By now Sarah was beet red and her eyes were wet with tears. She scrunched her eyes shut and turned away from me with a wince. I couldn’t believe it. She was letting them kill me!

“Sarah!” I screamed again.

Sarah balled her fists, shaking. She seemed to glow momentarily, possessed by a strange supernatural force. She rushed to the door, ripping the chain lock away with her bare hands and forcing it open with bizarre herculean strength.

“Run! Go!” She shouted.

I needed no more instruction. I broke from her mother’s tight grip, the knife barely grazing my left cheek, and took off running. I tore through the flowerbeds. I sprinted past the swings. Finally, I hurdled over the gate and onto the street. I was free, and there was no point in chasing me. I turned back only once during my escape, seeing them leering at me through the kitchen window.

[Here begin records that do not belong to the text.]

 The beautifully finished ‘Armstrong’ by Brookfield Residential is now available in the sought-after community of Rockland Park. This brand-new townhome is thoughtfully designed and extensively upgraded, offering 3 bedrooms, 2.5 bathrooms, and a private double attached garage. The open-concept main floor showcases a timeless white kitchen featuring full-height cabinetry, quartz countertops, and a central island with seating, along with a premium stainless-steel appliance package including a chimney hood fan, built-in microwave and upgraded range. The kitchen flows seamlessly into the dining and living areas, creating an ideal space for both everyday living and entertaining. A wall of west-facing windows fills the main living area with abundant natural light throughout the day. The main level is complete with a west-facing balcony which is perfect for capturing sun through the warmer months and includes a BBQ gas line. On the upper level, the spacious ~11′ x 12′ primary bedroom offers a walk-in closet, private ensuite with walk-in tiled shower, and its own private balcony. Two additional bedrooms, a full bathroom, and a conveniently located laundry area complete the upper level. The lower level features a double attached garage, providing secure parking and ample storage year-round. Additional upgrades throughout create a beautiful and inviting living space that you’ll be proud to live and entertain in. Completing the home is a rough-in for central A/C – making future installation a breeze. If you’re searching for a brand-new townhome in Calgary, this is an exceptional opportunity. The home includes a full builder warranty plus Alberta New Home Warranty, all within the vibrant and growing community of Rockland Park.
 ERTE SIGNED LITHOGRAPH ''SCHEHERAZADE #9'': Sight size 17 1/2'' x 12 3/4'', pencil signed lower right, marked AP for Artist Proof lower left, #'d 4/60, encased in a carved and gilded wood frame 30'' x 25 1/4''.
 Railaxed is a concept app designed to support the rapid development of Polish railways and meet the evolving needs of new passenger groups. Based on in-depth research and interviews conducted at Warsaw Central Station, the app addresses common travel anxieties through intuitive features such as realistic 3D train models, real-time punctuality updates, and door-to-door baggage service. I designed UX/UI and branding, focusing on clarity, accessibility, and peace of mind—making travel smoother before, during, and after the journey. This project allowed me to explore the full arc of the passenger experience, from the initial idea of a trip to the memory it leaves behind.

I was so scared that I just couldn’t stop running. I was already tired from the long day at school, but my body just wouldn’t let me stop. Sarah’s home was miles from my own, and it was getting dark by the time I collapsed in a sobbing, shaking heap at my mother’s doorstep.

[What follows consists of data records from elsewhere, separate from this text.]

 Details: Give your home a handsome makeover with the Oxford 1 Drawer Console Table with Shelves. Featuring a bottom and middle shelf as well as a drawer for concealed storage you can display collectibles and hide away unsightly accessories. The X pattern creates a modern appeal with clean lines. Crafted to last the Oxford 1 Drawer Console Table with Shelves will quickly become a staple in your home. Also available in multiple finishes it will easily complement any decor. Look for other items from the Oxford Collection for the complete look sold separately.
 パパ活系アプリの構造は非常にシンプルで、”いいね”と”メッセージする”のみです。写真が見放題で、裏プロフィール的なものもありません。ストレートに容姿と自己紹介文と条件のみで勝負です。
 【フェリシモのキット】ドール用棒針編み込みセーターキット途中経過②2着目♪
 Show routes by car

I didn’t dare tell her the real truth. How could I? She’d never believe it. I told my mum the best excuse my racing mind could conjure; that I’d gone to Sarah’s house to play, but we’d had a falling out, and I’d fallen and grazed my face on the way home. She took it, albeit with some suspicion, and I carted myself up to bed to sleep. I had no appetite after what had happened.

I never saw Sarah again. Never.

I didn’t go to school the next week; I faked a fever and spent my time hiding in my bedroom. But the week after, I returned to school to the news that Sarah was no longer attending.

I did drop by her house, just one more time. It was a few weeks after the incident, during the summer holidays, and my fear had given way to a strange desire to verify what I’d seen. I’d made some lame excuse about leaving some belongings at Sarah’s, and took my strong big brother along for much needed protection, but her family didn’t live there anymore. A young couple with twin toddler boys answered the door, quick to regale me with stories of the strange gothic family who had moved out and sold the house in rather a hurry.

Sarah had disappeared from my life completely, and I was more than content with the arrangement.

Is there a moral to be had here? Yeah, I think there is. Look out for the weird ones. What may seem like an angsting prepubescent goth going through a phase may very well prove to be the genuine article. Watch your back and keep an open mind, as you never know who may be lurking on the playground of your local school.